Senior Software Engineer - Polaris & Data Lake Catalog

Senior Software Engineer – Polaris & Data Lake Catalog

8+ years of experience designing and building scalable, distributed systems.
Strong programming skills in Java, Scala, or C++ with an emphasis on performance and reliability.
Deep understanding of distributed transaction processing, concurrency control, and high-performance query engines.
Experience with open-source data lake formats (e.g., Apache Iceberg, Parquet, Delta) and the challenges associated with multi-engine interoperability.
Experience building cloud-native services and working with public cloud providers like AWS, Azure, or GCP.
A passion for open-source software and community engagement, particularly in the data ecosystem.
Familiarity with data governance, security, and access control models in distributed data systems.

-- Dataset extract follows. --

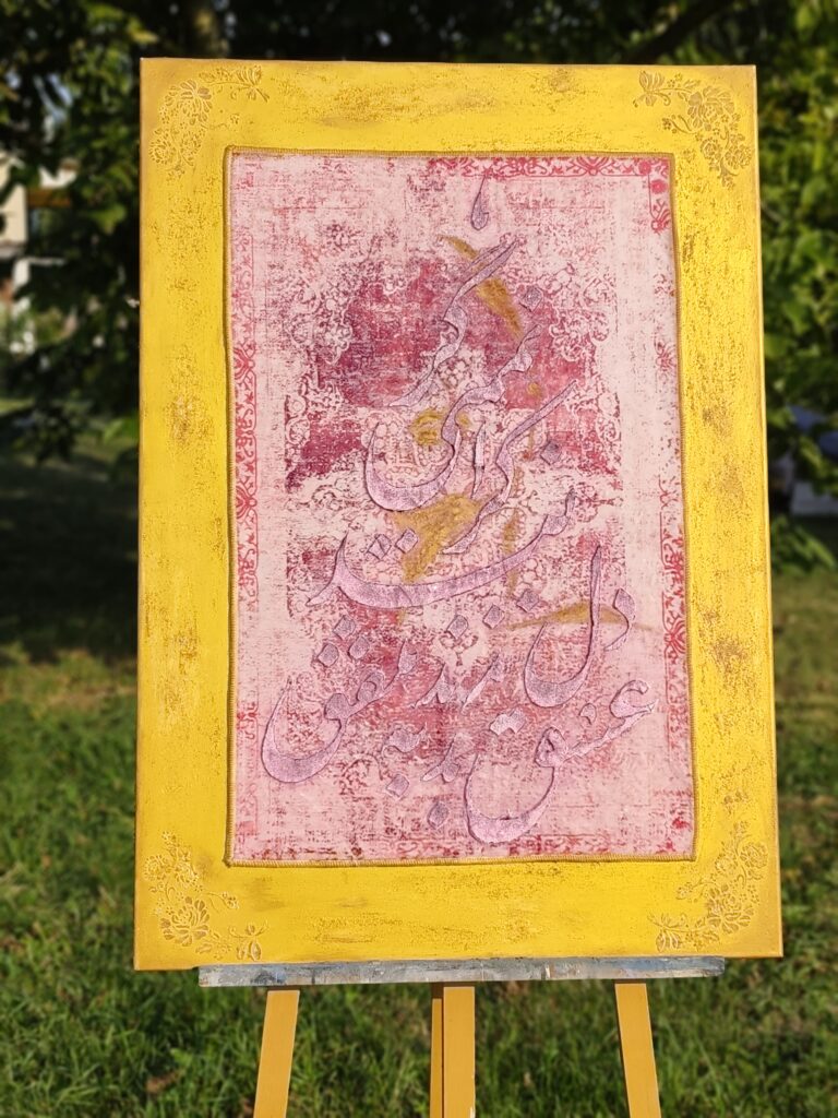 The golden frame surrounds a carpet field where the verse emerges through textured paste, rising subtly above the patterned ground. Love here is not portrayed as a fleeting sentiment but as a devotion worthy of sacrifice — the giving of life itself. The pink tones breathe with passion, while the tactile surface anchors the poetry in tradition. Together they form a dialogue between sacrifice and beauty, reminding us that only through surrender to love does the heart truly move. ( size of canvas 100×70 cm )
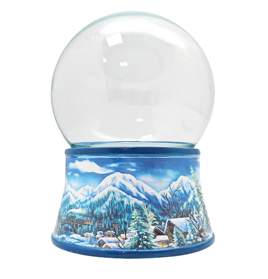 Schneekugel Berge mit Brücke auf Sockel weiß eck "PURE-Line" 10 cm Durchmesser

Design and implement scalable, distributed systems to enable support for Iceberg DML/DDL transactions, schema evolution, partitioning, time travel, and more.
Architect and build systems that integrate Snowflake queries with external Iceberg catalogs (e.g., AWS Glue, Databricks Unity) and various data lake architectures, enabling seamless interoperability across cloud providers.
Develop high-performance, low-latency solutions for catalog federation, allowing customers to manage and query their data lake assets across multiple catalogs from a single interface.
Collaborate with Snowflake’s open-source team and the Apache Iceberg community to contribute new features and enhance the Iceberg REST specification.
Work on core data access control and governance features for Polaris, including fine-grained permissions such as row-level security, column masking, and multi-cloud federated access control.
Contribute to our managed Polaris service, ensuring that external query engines like Spark and Trino can read from and write to Iceberg tables through Polaris in a way that’s decoupled from Snowflake’s core data platform.
Build tooling and services that automate data lake table maintenance, including compaction, clustering, and data retention for enhanced query performance and efficiency.

Contributing to open-source projects, especially in the data infrastructure space.
Designing or implementing REST APIs, particularly in the context of distributed systems.
Managing large-scale data lakes or data catalogs in production environments.
Working on highly-performant and scalable query engines such as Spark, Flink, or Trino.